Brene Brown'in Daring Greatly kitabinda bunu acikladigi bir bolum vardi. O da birine atif yapiyordu, bunu arastiran birileri vardi ama asil calisma sahibinin adini unuttum.
Yaris kelimesi biraz sikintili bir kelime. Ingilizcedeki contest ve competition'in ikisi de yaris diye cevrilebilir ama arada ince farklar var. Ilki contest'in kisa sureli, tek seferlik, genellikle bir odulu olan bir yaris olmasi; competition'in uzun sureli, hirs ve rekabet duygusunu barindiran bir yapisinin olmasi. Brene Brown'in yaptigi alintiya gore dogada ayni turler icinde contest vardir, farkli turler icinde competition vardir. Ornegin, kedi yavrulari buyurken birbirleri ile gureserek, bogusarak oynarlar ya da bir kedi kuyrugunu kovalar. Bu tek seferlik bir yarismadir ve kazanmak/kaybetmek cok da onemli degildir, onemli olan buyumek, keyif almak falandir. Ancak, aslan ile geyik bir competition halindedir; yenilen ya yemek olacak ya da ac kalacaktir. Dolayisiyla, iki tarafa da patlayacak olan sonuclari vardir ve birisi mutlaka daha iyi olmak zorundadir. Insana uyarlarsak, komsuyla aksam yemegi sonrasi bir tavla atmak ve yenerek tavlayi koltugunun altina vermek bir contest'tir ama hirs yaparak "Mahallenin en iyi tavlacisi ben olacagim, tavla denince ben akla gelecegim, bu konuda bana gelecekler" competition'dir. contest'te iki taraf olsa bile bir daha iyi/en iyi karsilastirmasi yoktur, competition daha iyi/en iyi uzerine kurulur.
Ayni kitapta dendigine gore contest yapicidir, kazanan/kaybeden olsa bile iki tarafi da gelistirir, bir seyler ogretebilir, eglencelidir. Competition ise yikicidir; bir tarafi iyilestirirken diger tarafi kotulestirir. Bu nedenle competition'in diger cevirisi olan rekabet sozcugunu kullanmak daha iyi bir tanim olabilir sanirim. Oyun oynarken hirslanip oyunun zevkinin icine eden ve insanin icinde ya "Kazansa da bitse artik" ya da "Eline vereyim su oyunu" duygusu yaratan arkadas yarisi rekabete cevirmis olur. Yaristan hoslanan herkes rekabetci olmaz, bircok kisi is rekabete bindiginde "Zevki kacti" diye birakir.
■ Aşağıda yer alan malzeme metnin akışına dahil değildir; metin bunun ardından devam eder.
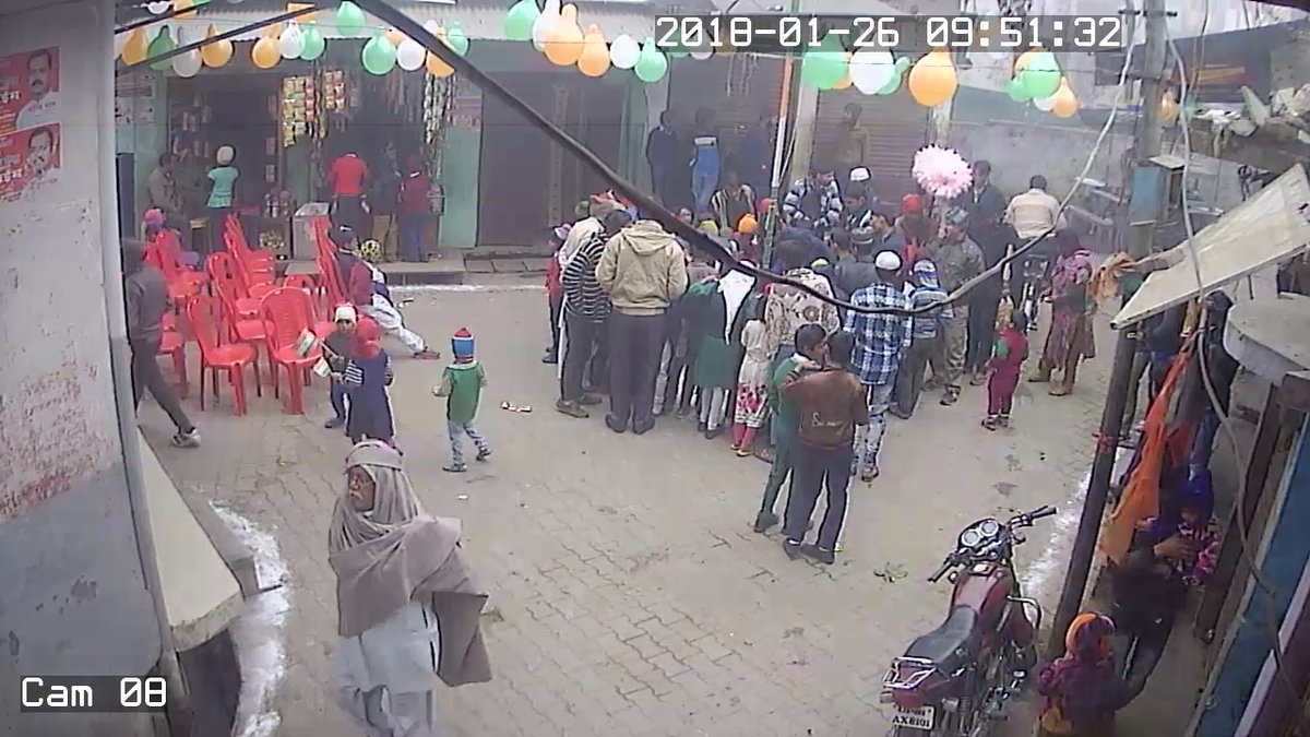 The footage shows what happened at the Vir Hulka Hamid Chowk of Hulka Mohalla in Kasganj from 8:56 am to 9:54 am on 26 December.

Kendimi disarida birakayim, kendimi ben degerlendirecek degilim ama tanidigim bircok insan contest'ten zevk alirken, cok az insanda rekabetcilik gordum.
Rekabetcinin veya ukalanin da sadece "Ben cok iyiyim" diyeni ya da sadece kendini oyle goreni var; bir de daha fenasi "Ben cok iyiyim ama sen kotusun" diye de seni skalaya oturtmaya calisani var. Bir arkadasim ukala ve rekabetcidir ama kendini overken ve rekabete tutarken seni de batirmaz; "Ben harikayim ama sen de bir o kadar iyisin" havasi vardir.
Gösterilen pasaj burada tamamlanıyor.